About future reservation requests in calendar mode

This document gives an overview of future reservation requests in calendar mode. To learn more about the different ways to reserve resources in Compute Engine, see Choose a reservation type.

To obtain capacity to create virtual machine (VM) instances that have GPUs or TPUs attached, use future reservation requests in calendar mode. If Google Cloud approves your request, then Compute Engine provisions your reserved resources at your chosen date and time, and for up to 90 days. You can then use the reserved resources to create GPU VMs or TPU VMs to run the following workloads:

Model pre-training jobs
Model fine-tuning jobs
High performance computing (HPC) simulation workloads
Short-term expected increases in inference workloads

Create a request in calendar mode

The following sections explain how to view resource availability, as well as what details to specify when you create a future reservation request in calendar mode.

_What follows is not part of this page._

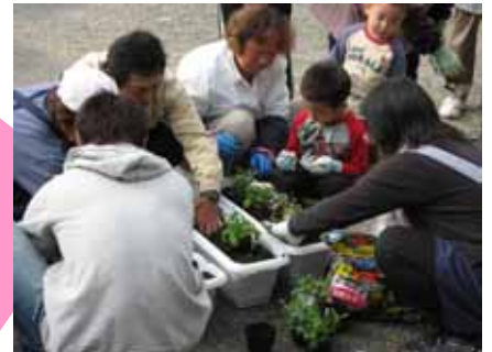
プランターへの植栽

View resources future availability

Before you create a future reservation request in calendar mode, you can view the future availability in a region of the following resources:

For GPU VMs, up to 60 days in advance
For TPUs, up to 120 days in advance

Compute Engine uses the Dynamic Workload Scheduler (DWS) to view when your requested resources are available. When you create a request, specify the number, type, and reservation period for the resources that you confirmed as available. Google Cloud is more likely to approve your request if you supply this information.

Define request properties

When you create a future reservation request in calendar mode, you must specify the following properties:

Auto-delete. This property determines if Compute Engine deletes the automatically created (auto-created) reservation for your request at the end time, even if the reservation isn't fully consumed. To create a request in calendar mode, you must enable the auto-delete option.
Consumption type. This property defines how VMs consume the auto-created reservation. When you create a request in calendar mode, you must specify that you want to create specifically-targeted reservations. This setting means that only VMs that target the reservation can consume it.
Deployment type. This property defines the collocation of your reserved resources. When you create a request in calendar mode, you must specify to densely deploy resources. In this kind of deployment, resources are located close to each other to minimize network latency.
Name. The name of your request, which must be unique within your project.
Number of resources. The number of GPU VMs or TPUs to reserve at your requested start time.
Planning status. This property defines if you immediately submit your request to Google Cloud for review, or save it as a draft and submit it later. When you create a request in calendar mode, you must specify to immediately submit the request for review.
Reservation mode. This property defines the method to reserve resources, which you must set to CALENDAR for a request in calendar mode.
Reservation name. The name for the reservation that Compute Engine automatically creates if Google Cloud approves your request.
Share type. This property defines if other projects in your organization can consume the auto-created reservation for your approved request. You can specify one of the following options:
- Single-project. Only your project can consume the reserved capacity.
- Shared. You can share the reserved capacity with up to 100 other projects in your organization. If you specify this option, then you must specify the projects to share the auto-created reservation with. For more information, see the best practices for shared reservations.
Important: You can only specify the share type and shared projects for the auto-created reservation when you create a request.
Reservation period. The date and time when Compute Engine provisions your requested capacity, and you can consume it. The reservation period includes the following:
- Start time. When you want to start consuming your reserved capacity. Based on the resources that you reserve, the start time must be at least one of the following values from when you create and submit a request:
  - For GPU VMs, 87 hours (three days and 15 hours)
  - For TPUs, six hours
- End time. When your requested capacity is no longer reserved for you. At this time, Compute Engine deletes the auto-created reservation, and stops or deletes and any VMs that consume the reservation based on the termination action that you specified for the VMs.
Resource properties. The hardware requirements of the GPU VMs or TPUs that you want to reserve. VMs can only use a reservation if their properties match the reservation's properties. For more information, see the requirements to consume reservations.
Workload type. If you reserve TPU v5e, then you must specify how to reserve capacity based on your workload type:
- Batch. For workloads that handle large amounts of data in single or multiple operations, such as machine learning (ML) training workloads.
- Serving. For workloads that handle concurrent requests and require minimal network latency, such as ML inference workloads.
Zone. The zone where you want to reserve capacity.

Request review process

To reserve capacity by using a future reservation request in calendar mode, you must create and submit the request to Google Cloud for review. After you create and submit a request, Google Cloud reviews it within a minute, and then one of the following occurs:

Google Cloud approves your request: Compute Engine reserves your requested resources and, within a minute after approval, automatically creates an empty reservation. At the request start time, Compute Engine provisions your requested capacity by increasing the number of GPU VMs or TPUs in the reservation.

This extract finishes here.